A bit of history here. Yesterday I made some inlet and exhaust flanges and did a post on them. I always make a couple of spare blanks (just in case), but because I was so perfect yesterday I didn't need them (if you don't blow your own trumpet, no one else will blow it for you). More about these later.
I was up very early this morning, and being a weekend, I was thinking of ways to really annoy the neighbours without causing me much work, so here it is (fanfare)........

THE ALL METAL REVERBERATING, REVERSE THROW, DOUBLE ACTING EXHAUST AMPLIFIER.
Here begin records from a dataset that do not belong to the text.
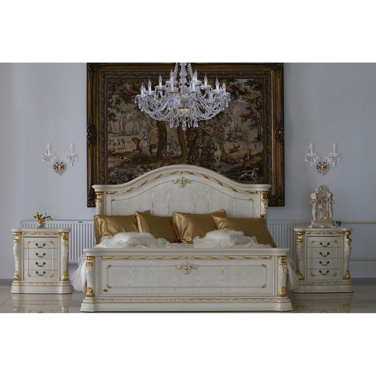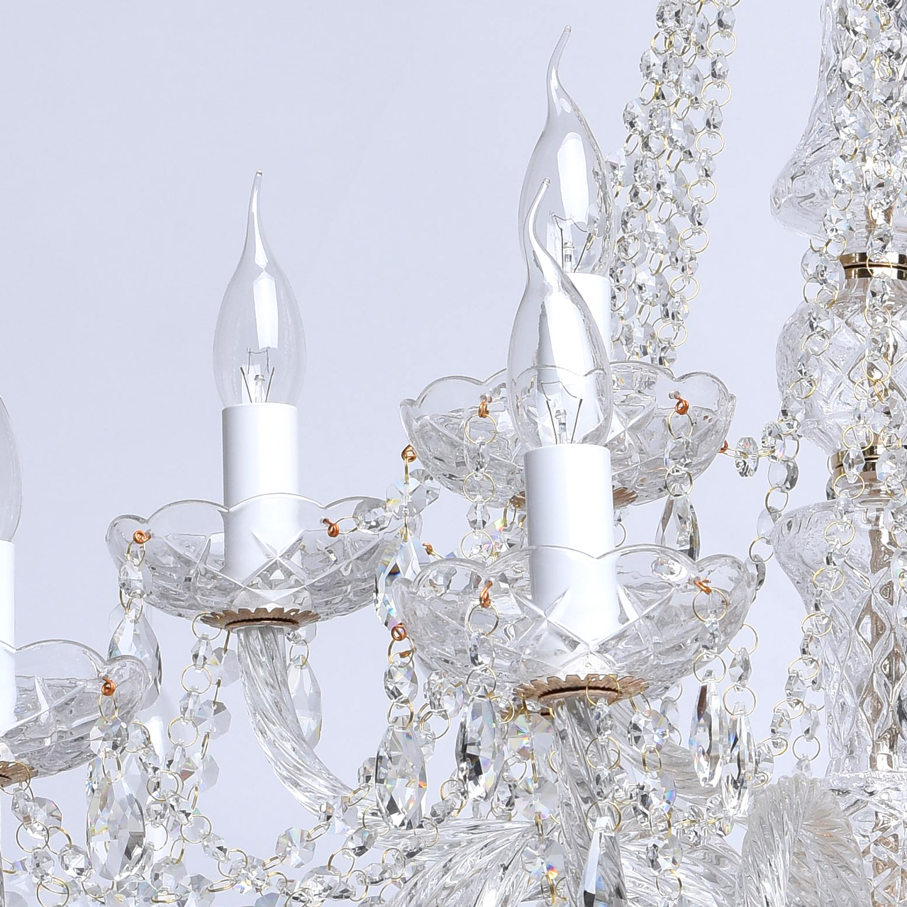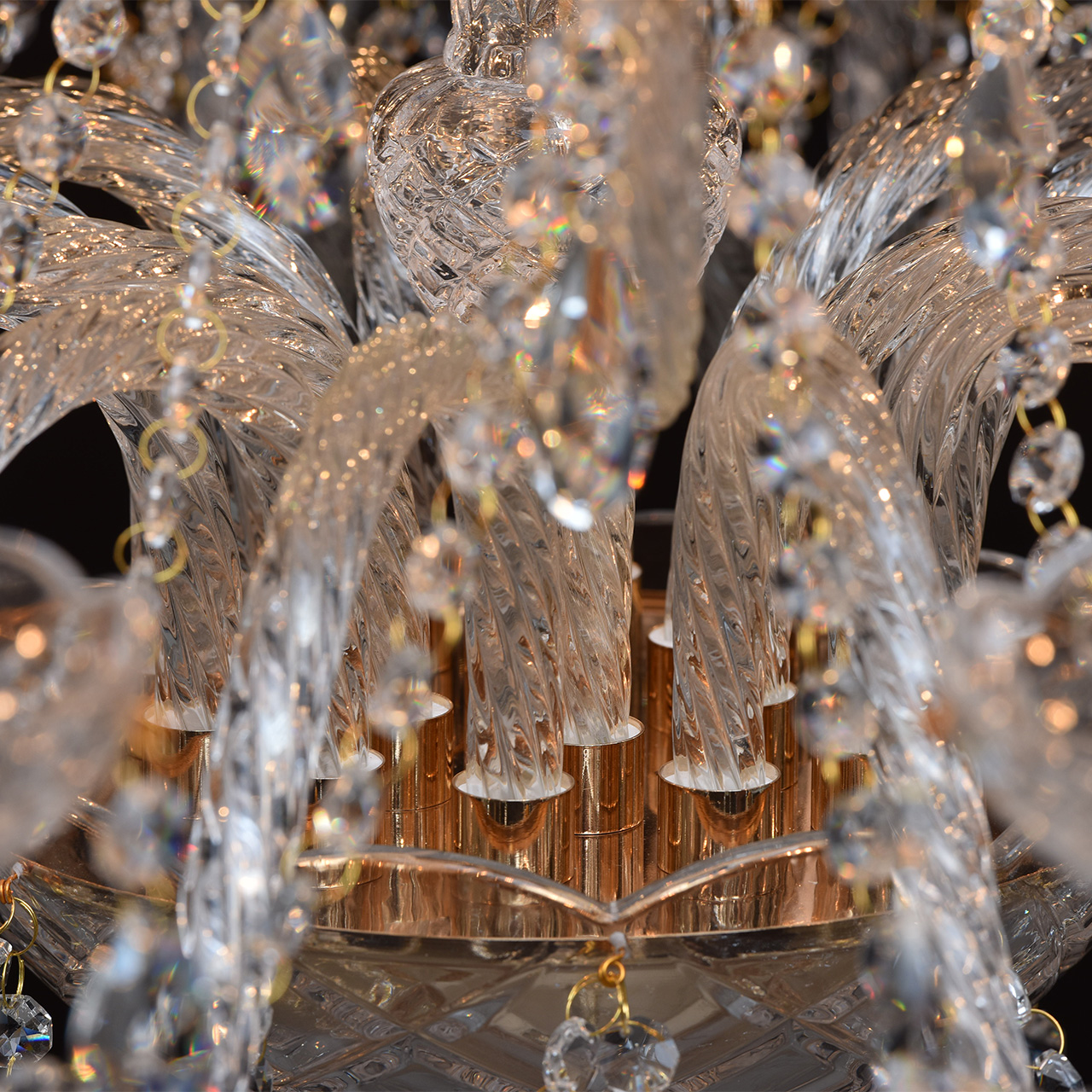 Металлическое основание цвета золота, декоративные элементы из прозрачного хрусталя и стекла с резным рисунком.Технология производства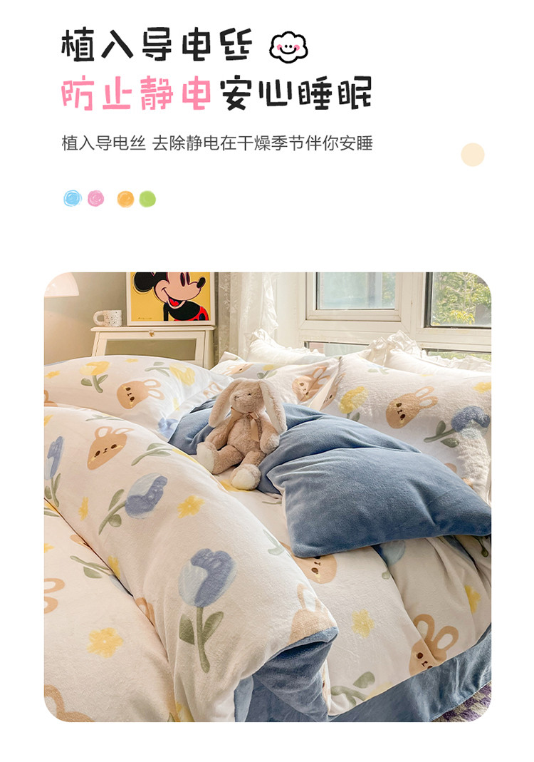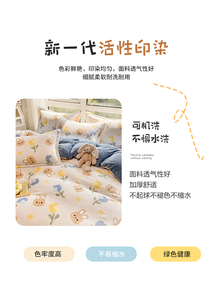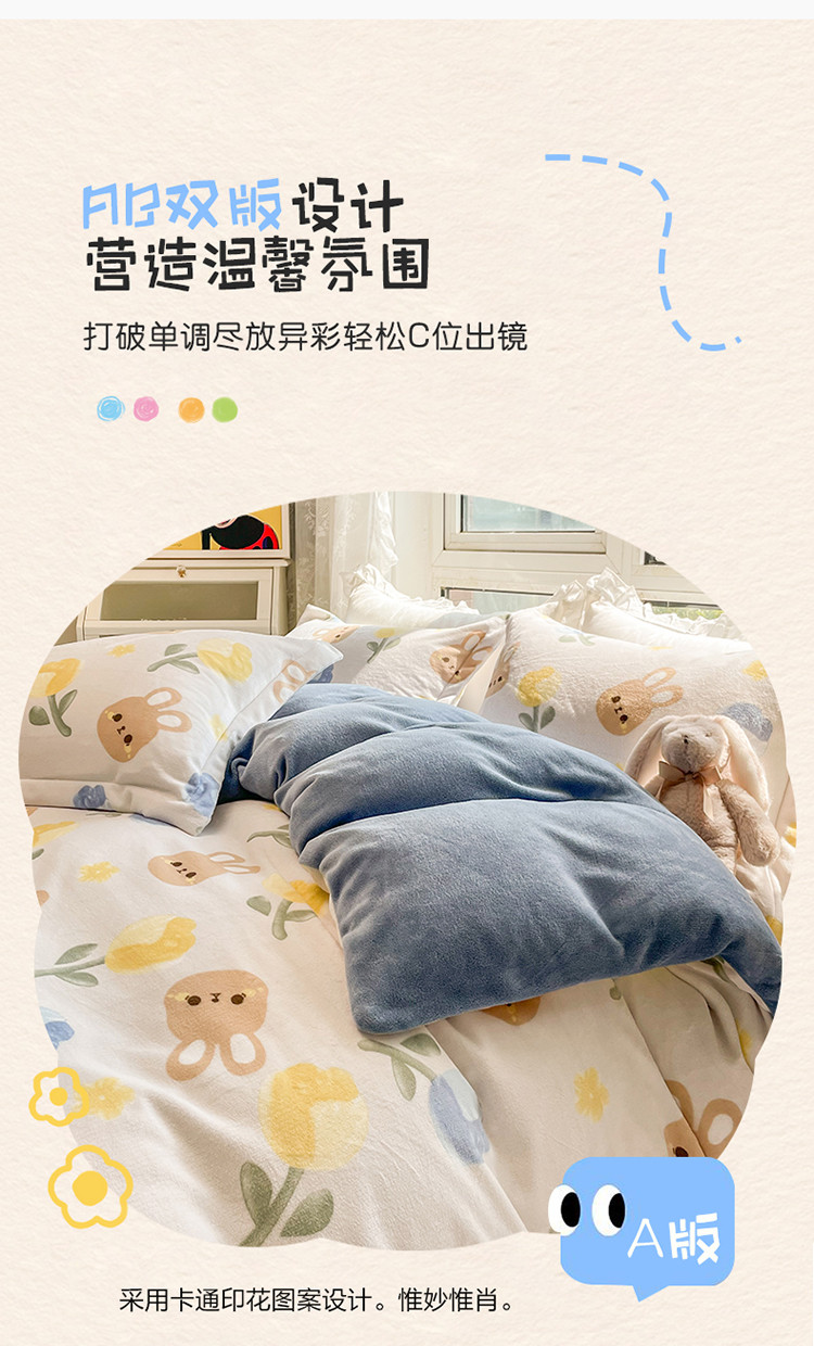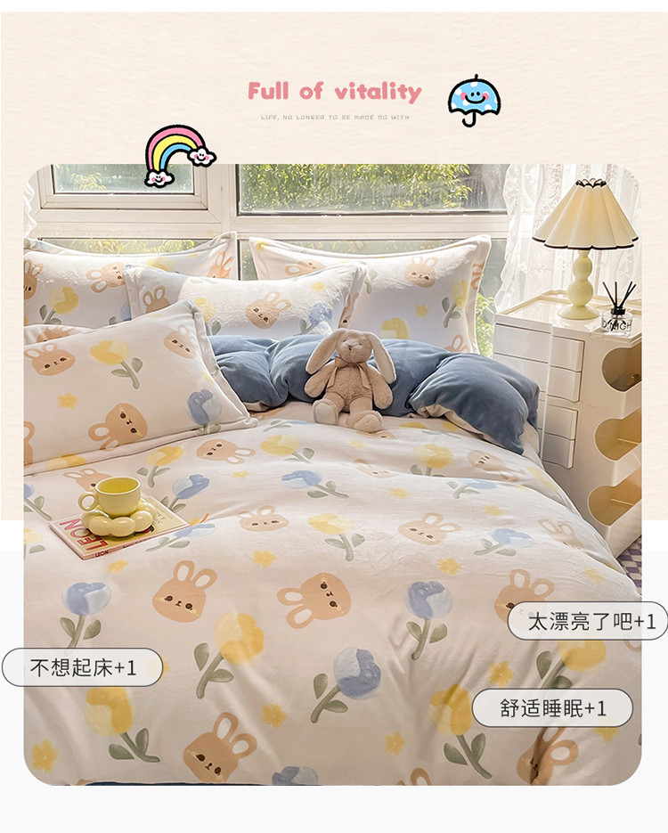 商品名称:塔塔2025新款牛奶绒圆网系列四件套 奶油盐系兔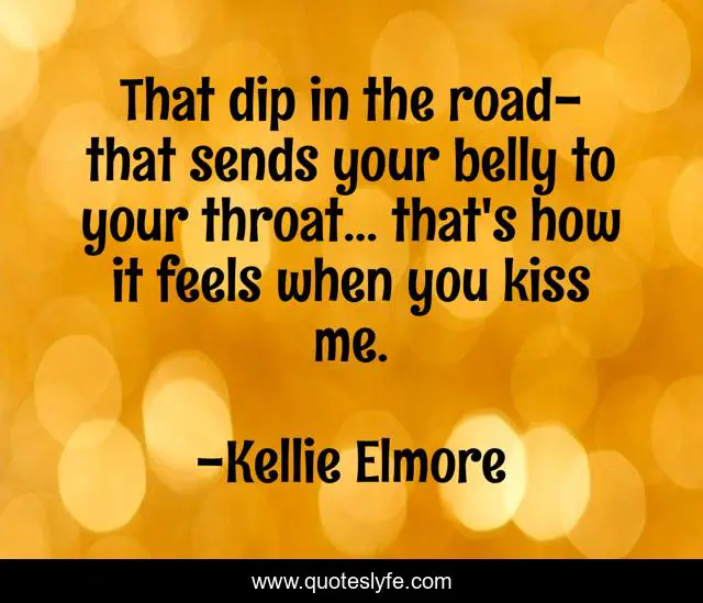 This page presents the quote "That dip in the road- that sends your belly to your throat... that's how it feels when you kiss me.". Author of this quote is Kellie Elmore. This quote is about relationships, cute, lovers, love, kisses, sweethearts, kissing, affection,.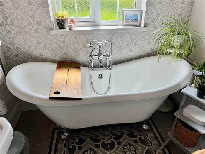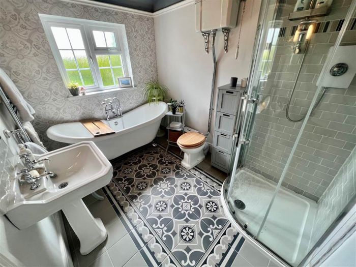 Inside, on the ground floor this is a large living room, snug room, impressive open plan kitchen/dining room and utility room. Upstairs are three bedrooms, luxury bathroom and fully floored roof space accessed via a fixed staircase. There is a master bedroom suite with dressing room and luxury ensuite shower room.. The property has been thoughtfully designed with particular attention given to the flow within.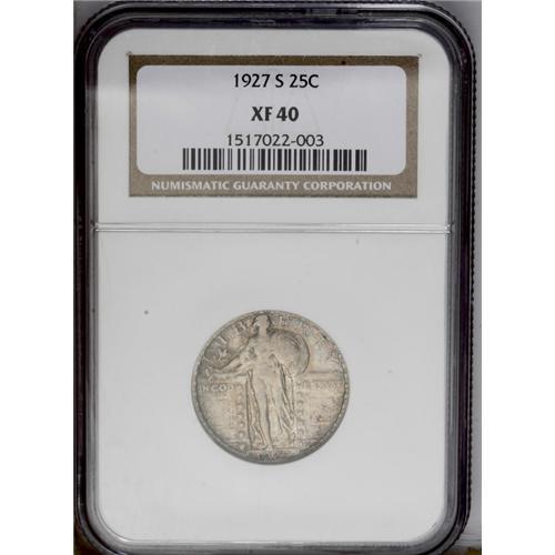 1927-S 25C XF40 NGC. Residual mint luster still clings 1927-S[25C] XF40 NGC.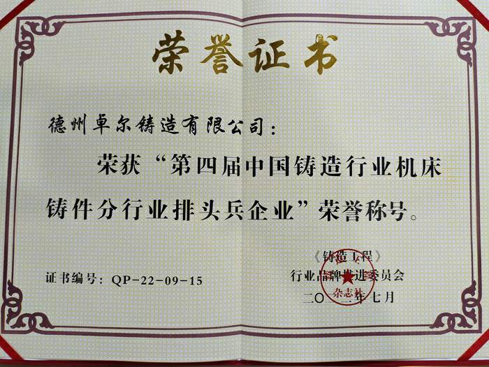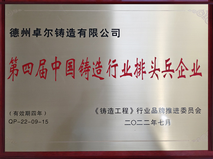 2022年7月25日,第九屆全國鑄造行業(yè)發(fā)展論壇暨中國鑄造協(xié)會(huì)第九界會(huì)議代表大會(huì)在天津勝利召開,德州卓爾科技有限公司榮獲“第四屆中國鑄造行業(yè)排頭兵企業(yè)”及“第四屆鑄造行業(yè)機(jī)床鑄件分行業(yè)排頭兵企業(yè)”榮譽(yù)稱號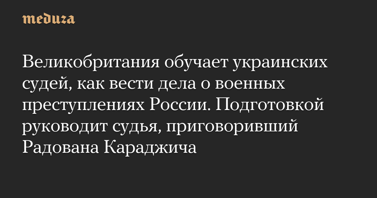 Великобритания обучает украинских судей, как вести дела о военных преступлениях России. Подготовкой руководит судья, приговоривший Радована Караджича

This is a patents to be applied for product, and if you want to build one under licence just send $50 to my offshore account. :lol: 

Anyway enough of this garbage, lets get down to the build.







As you can see, this thing doesn't look much, but it will make your little air run wimpy sounding engines sound like a full blown locomotive (well almost).
Here is the strip down pic, then I will get onto building it.






Right, away we go. 
All measurements I will be giving will be in metric, but near enough in imperial is ok.
As you can see there are only three parts, or two if you want to be lazy.
The tube is a 25mm long, 7mm diameter with a 6mm bore. If you are feeling lazy just drill out a bit of solid and part off so you don't break into the drilling, this will save you having to make a top cap and a bit of soldering. The other bit is the left over flange from yesterday, machined up to form a little spigot that fits the end of the tube, this will aid in soldering up. 
I put 6 x 2.5 holes around the periphery of the tube, just up from where the spigot would reach.
Your exhaust tube should be just above the upper edges of the holes.
Just solder up as shown in the first pic and mount to your engine, or you can just move it around your engines by using a bit of silicone tube.
By playing around with tube lengths and diameters different pitches can be obtained.

May the sound be with you and you annoy your neighbours forever.

John


----------



## 1Kenny (Oct 27, 2007)

More noise. Now we're talking. :lol: 

Thats slick.

Kenny


----------



## Bogstandard (Oct 27, 2007)

Hi Kenny,
This little item should take the feeble exhaust puff and turn it into a CHUFF, just like the real thing.
To experiment getting the right sound for your engines, just get a short bit of tube and hold your finger over the end and let the exhaust from the engine blow into it. Shorter and narrower gives high pitch, longer and wider, low pitch. But extremes of either - nothing.

Enjoy

John


----------